▶ _Given data_

# # #

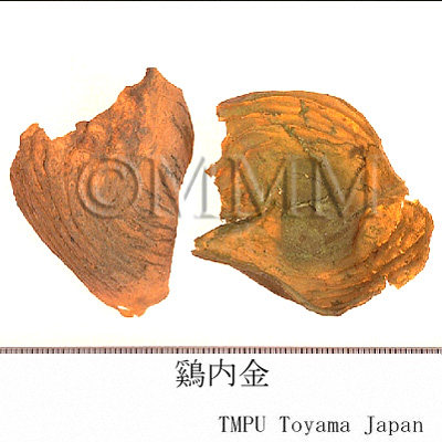 | 一般生薬名 | 鶏内金, Jineijin, Galli Gigerii Endothelium Corneum (CP2020), Galli Stomachichum Corium, Chicken's Gizzard-skin (CP2020) | |||||
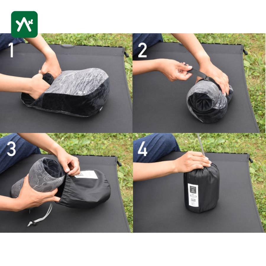 5050WORKSHOPのPACKABLE PILLOWは低反発で頭に馴染むように沈むのでずれにくく、アウトドアでもスッキリした目覚めを体感いただける枕です。
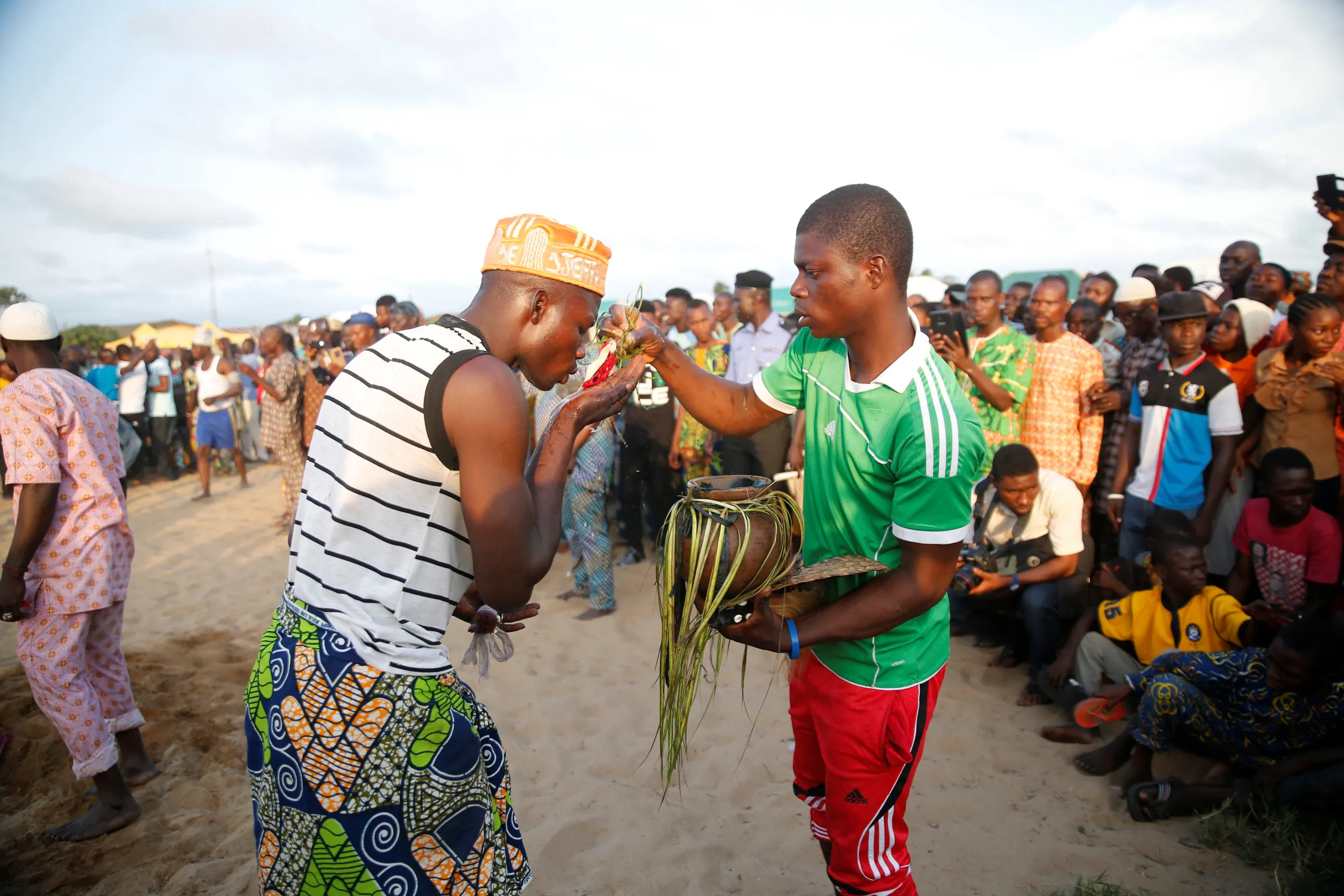 Traditional performers participate in the annual Badagry cultural festival near the old slave port in Badagry, on the outskirts of Lagos, Nigeria August 27, 2016. (Photo by Akintunde Akinleye/Reuters)

# # #

▶ _Problem to work on_
Return the listing above word for word. Keep the images out.

▶ _The completed task_
 | 一般生薬名 | 鶏内金, Jineijin, Galli Gigerii Endothelium Corneum (CP2020), Galli Stomachichum Corium, Chicken's Gizzard-skin (CP2020) | |||||
 5050WORKSHOPのPACKABLE PILLOWは低反発で頭に馴染むように沈むのでずれにくく、アウトドアでもスッキリした目覚めを体感いただける枕です。
 Traditional performers participate in the annual Badagry cultural festival near the old slave port in Badagry, on the outskirts of Lagos, Nigeria August 27, 2016. (Photo by Akintunde Akinleye/Reuters)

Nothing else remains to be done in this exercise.